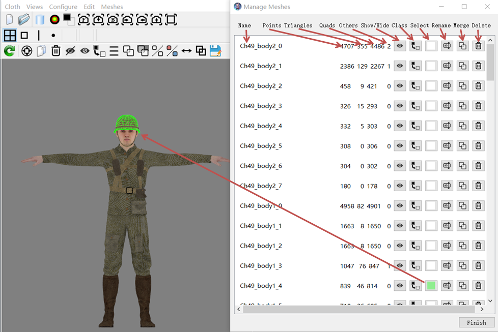 This window lists the following information and operation buttons of all the meshes in this scene.
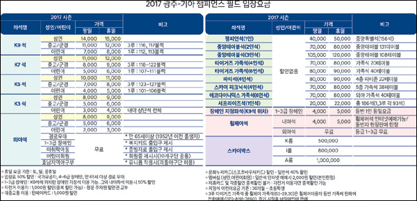 K9, K7, K5, K3, 외야석 가격은 평일 기준이며, 휴일에는 각각 1000원 인상된 가격으로 판매한다.
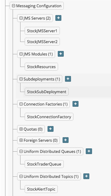 The following screenshot illustrates a typical JMS configuration within a Platform Blueprint, for a two node cluster, we would define two JMS Servers as illustrated below. Plus a corresponding JMS Module consisting of one Sub Deployment and the required connection factories, queues and topics.
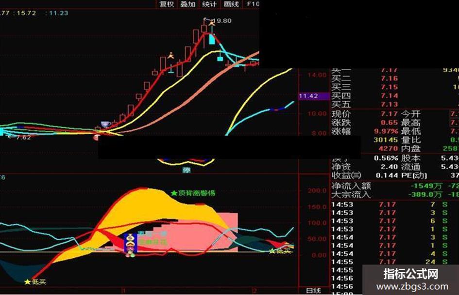 这次经过进一步修改调整,这次把A15D做的更完美。A15D下插线在原基础上不仅做成下插后不仅变红,更重要的是当主图K线在下跌临近坑底时,由蓝色变成红色。当股价拉升接近顶部时,该线由红色变成蓝色。

• **HOW TO COMPLETE THIS TASK**:
What you return should be only the lines from the line with "K9, K7, K5, K3, 외야석" through the last line of the listing above, exactly, both ends included, pictures excluded.

• **SOLUTION FOR THIS EXERCISE**:
 K9, K7, K5, K3, 외야석 가격은 평일 기준이며, 휴일에는 각각 1000원 인상된 가격으로 판매한다.
 The following screenshot illustrates a typical JMS configuration within a Platform Blueprint, for a two node cluster, we would define two JMS Servers as illustrated below. Plus a corresponding JMS Module consisting of one Sub Deployment and the required connection factories, queues and topics.
 这次经过进一步修改调整,这次把A15D做的更完美。A15D下插线在原基础上不仅做成下插后不仅变红,更重要的是当主图K线在下跌临近坑底时,由蓝色变成红色。当股价拉升接近顶部时,该线由红色变成蓝色。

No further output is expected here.